Netflix had been more restrained in Q1 2026; repurchasing only ~$1.3 billion, slower than its prior pace, partly amid M&A uncertainty. This expanded authorization gives the company significant flexibility for future repurchases. In short, this is a classic corporate finance move to shore up investor confidence after a post-earnings sell-off, especially with freed-up capital from scrapping the big Warner Bros. deal.

It’s bullish for shareholders in the near term but doesn’t change the underlying fundamentals around subscriber growth, ad-tier momentum, pricing power, and content spending. Netflix released its Q1 2026 earnings, the results showed a solid operational performance with beats on revenue and operating income, but the stock dropped sharply afterward due to softer-than-expected Q2 guidance, a slight miss on some consensus forecasts, and the announcement that co-founder Reed Hastings would step down from the board.

$12.25 billion, up 16% year-over-year; 14% on an FX-neutral basis. This beat analyst expectations of roughly $12.18 billion. Growth came from membership increases, successful pricing adjustments, and rising ad revenue.
Operating income is approximately $4.0 billion, up 18% YoY. Operating margin expanded slightly to 32.3% from 31.7% in Q1 2025, also ahead of internal guidance thanks to the revenue overperformance.

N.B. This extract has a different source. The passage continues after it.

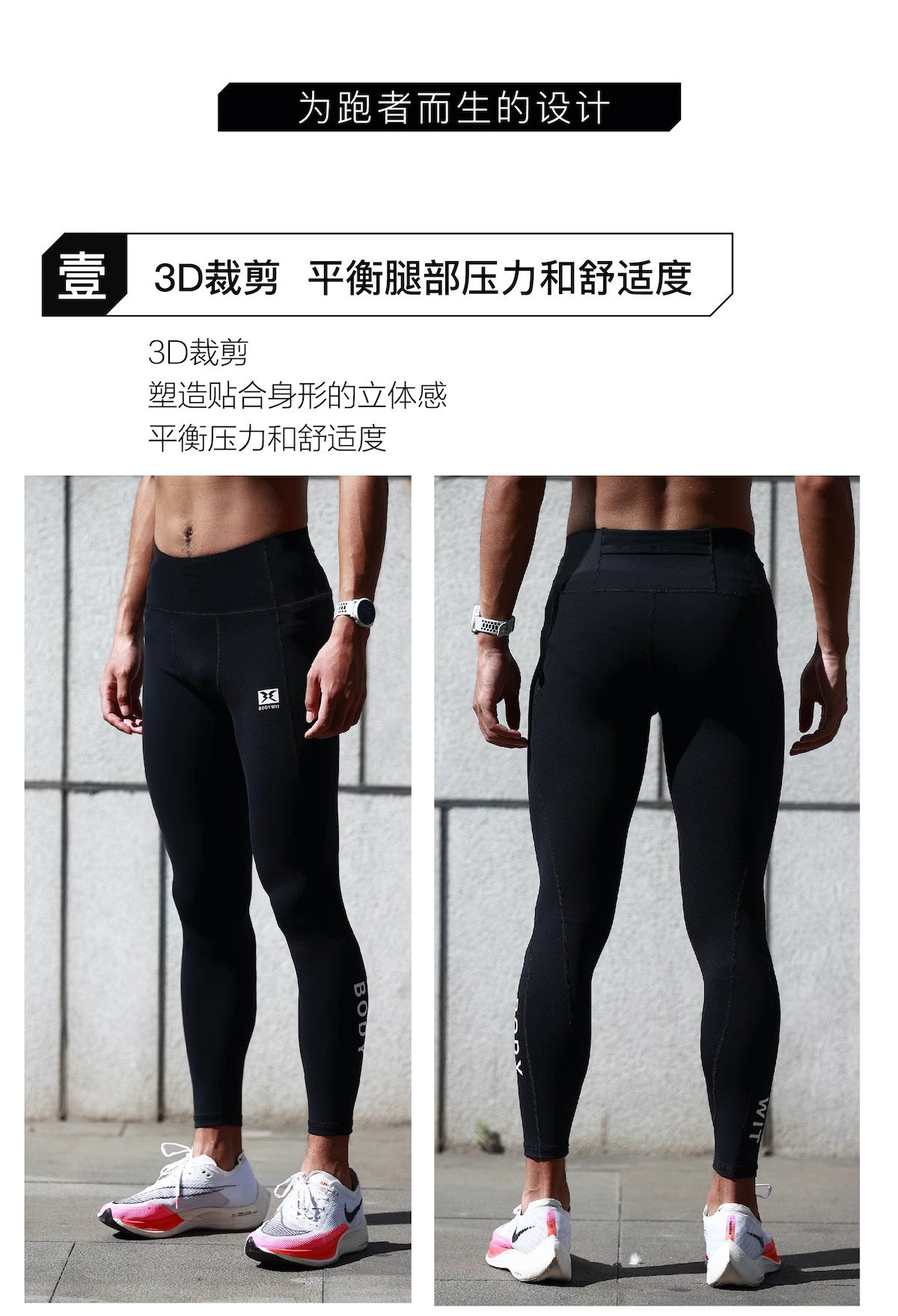 身体智慧 BODYWIT 男款 疾塑紧身肤感速干九分裤

Net income is around $5.28 billion, up significantly YoY. Diluted EPS: $1.23, up 86% from $0.66 in Q1 2025. This comfortably beat the company’s own forecast of $0.76. The big boost came from higher operating income plus a one-time $2.8 billion termination fee related to the collapsed Warner Bros. Discovery deal. Without this non-recurring item, underlying earnings growth would have been more modest.

Netflix no longer reports quarterly paid membership totals; it stopped in 2025 after surpassing 325 million at year-end 2025. Management instead highlighted “slightly higher-than-planned subscription revenue” and strong member growth, notably in Japan driven by the World Baseball Classic, which delivered the company’s largest single-day sign-up ever in that market. Regional revenue growth was broad-based, with particularly strong FX-neutral performance in APAC (~19%).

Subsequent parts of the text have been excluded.